• [What is needed]: Your job is to give again, exactly and with no additions, the lines in the records below from the one with "荆楚网(湖北日报网)讯(通讯" through the one with "In the following", both included. Omit the pictures.

• [Data records]:
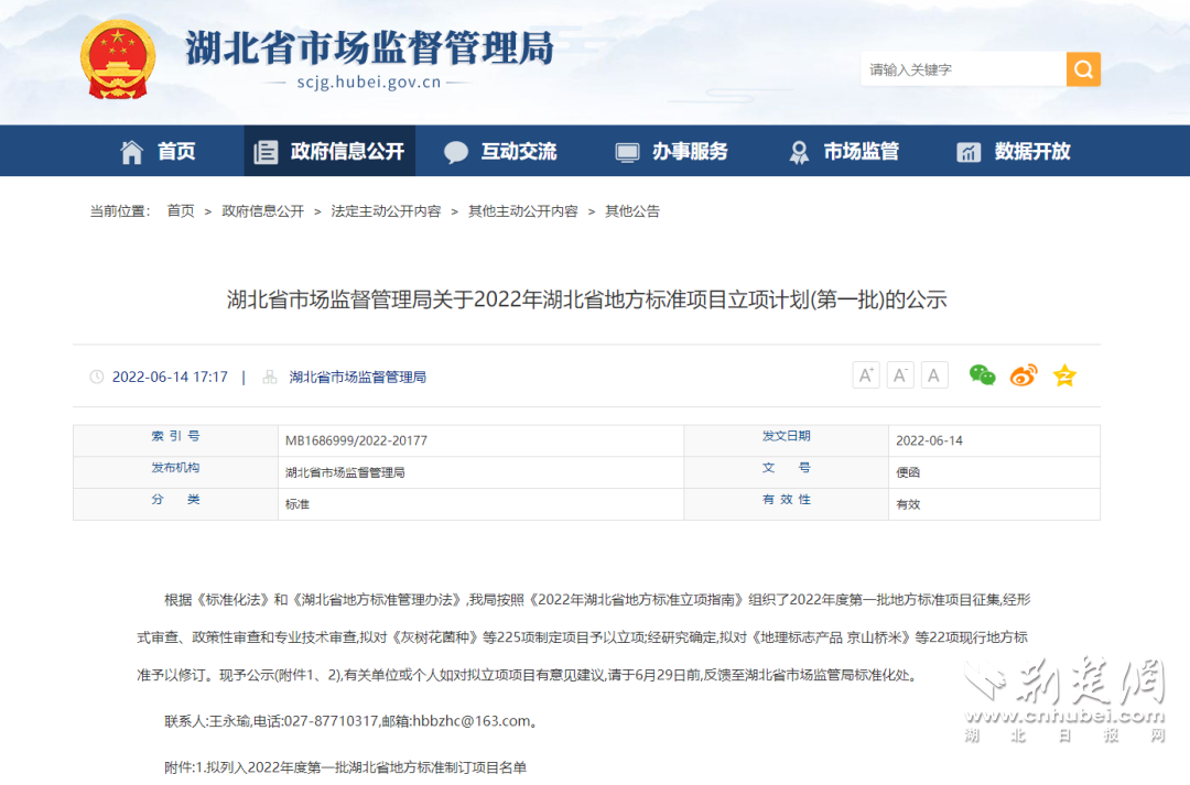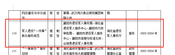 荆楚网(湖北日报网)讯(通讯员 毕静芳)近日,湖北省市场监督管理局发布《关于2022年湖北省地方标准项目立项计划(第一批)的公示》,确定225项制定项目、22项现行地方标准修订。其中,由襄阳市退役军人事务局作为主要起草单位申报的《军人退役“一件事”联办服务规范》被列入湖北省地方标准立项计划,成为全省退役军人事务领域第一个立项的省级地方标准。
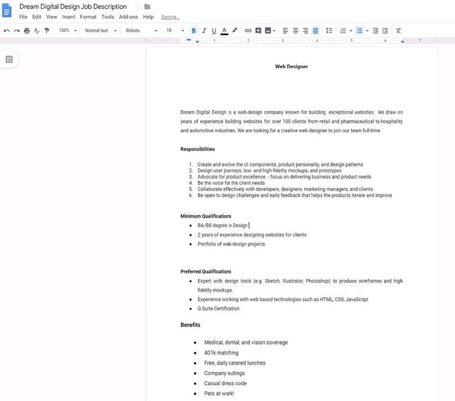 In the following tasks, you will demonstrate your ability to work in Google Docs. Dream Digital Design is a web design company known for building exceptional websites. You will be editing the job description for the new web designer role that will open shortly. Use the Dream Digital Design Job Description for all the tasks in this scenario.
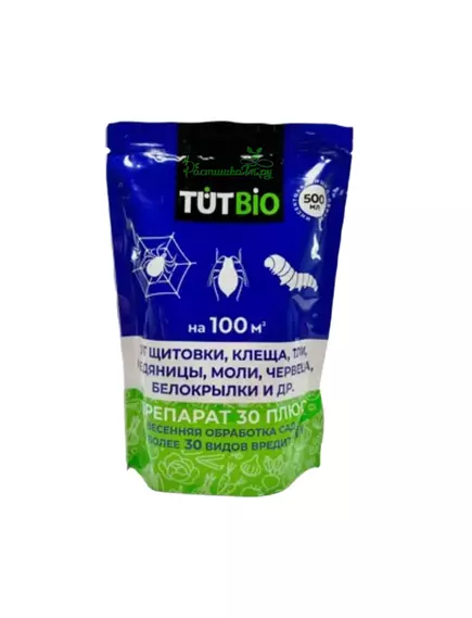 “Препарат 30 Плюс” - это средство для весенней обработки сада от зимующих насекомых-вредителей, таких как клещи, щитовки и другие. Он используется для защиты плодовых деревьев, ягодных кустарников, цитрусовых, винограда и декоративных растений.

...

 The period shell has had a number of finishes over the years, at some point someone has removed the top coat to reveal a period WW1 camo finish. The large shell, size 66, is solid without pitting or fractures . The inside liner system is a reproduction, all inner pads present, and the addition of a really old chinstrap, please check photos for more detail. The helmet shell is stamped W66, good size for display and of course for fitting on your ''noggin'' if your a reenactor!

• [Solution to the exercise]:
 荆楚网(湖北日报网)讯(通讯员 毕静芳)近日,湖北省市场监督管理局发布《关于2022年湖北省地方标准项目立项计划(第一批)的公示》,确定225项制定项目、22项现行地方标准修订。其中,由襄阳市退役军人事务局作为主要起草单位申报的《军人退役“一件事”联办服务规范》被列入湖北省地方标准立项计划,成为全省退役军人事务领域第一个立项的省级地方标准。
 In the following tasks, you will demonstrate your ability to work in Google Docs. Dream Digital Design is a web design company known for building exceptional websites. You will be editing the job description for the new web designer role that will open shortly. Use the Dream Digital Design Job Description for all the tasks in this scenario.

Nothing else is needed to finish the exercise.